TASK ITEM:
When you copy the records that follow, please keep every word exactly as it is and leave out the pictures.

%%

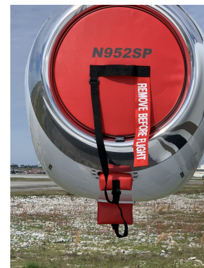
Beech Premier 1A Intake/Exhaust Plug Set
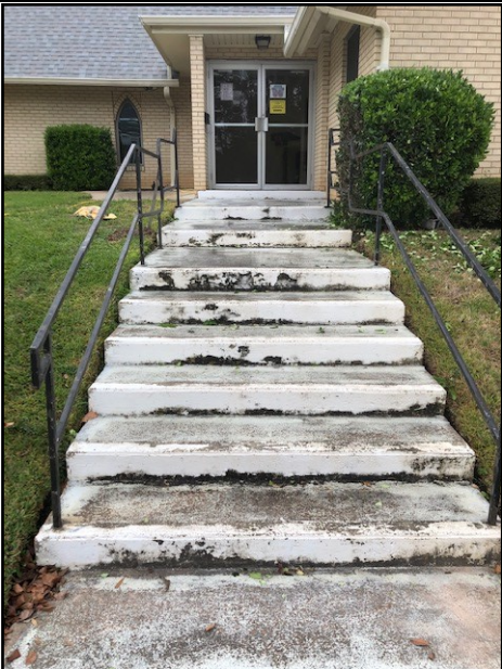
Building & Grounds team worked hard to get the steps of the church refreshed with a new look.
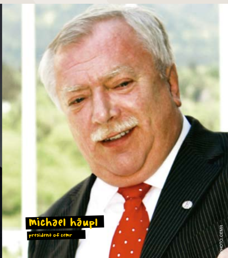
michael häupl president of cembr
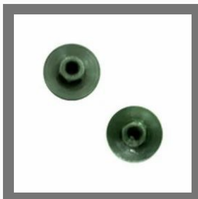
Plate Push Auto Clutch
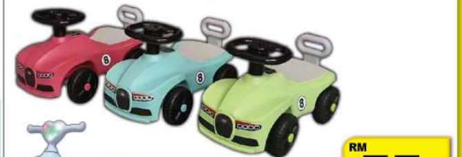
Hi Baby Ride On Car With Music Assorted Colours
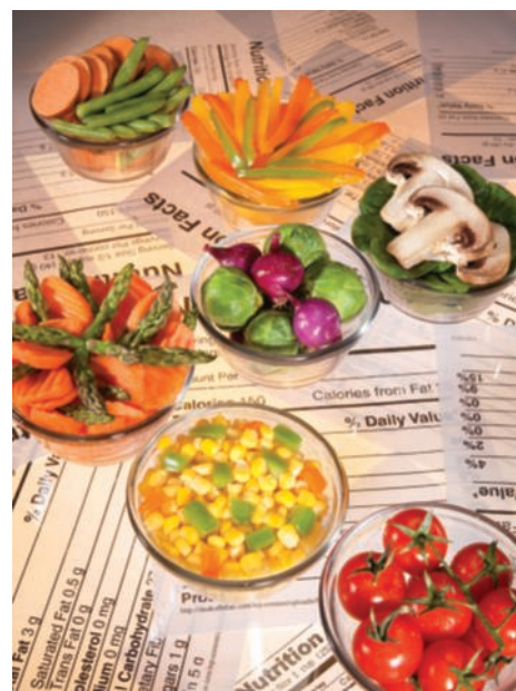
PEGGY GREB (D2454-1)

Cutting-edge research on what we eat as a population and what nutrients are in those foods is critical for ensuring that people have the opportunity to plan diets that support optimal health.

%%

EXPECTED ANSWER:
Beech Premier 1A Intake/Exhaust Plug Set
Building & Grounds team worked hard to get the steps of the church refreshed with a new look.
michael häupl president of cembr
Plate Push Auto Clutch
Hi Baby Ride On Car With Music Assorted Colours
PEGGY GREB (D2454-1)

Cutting-edge research on what we eat as a population and what nutrients are in those foods is critical for ensuring that people have the opportunity to plan diets that support optimal health.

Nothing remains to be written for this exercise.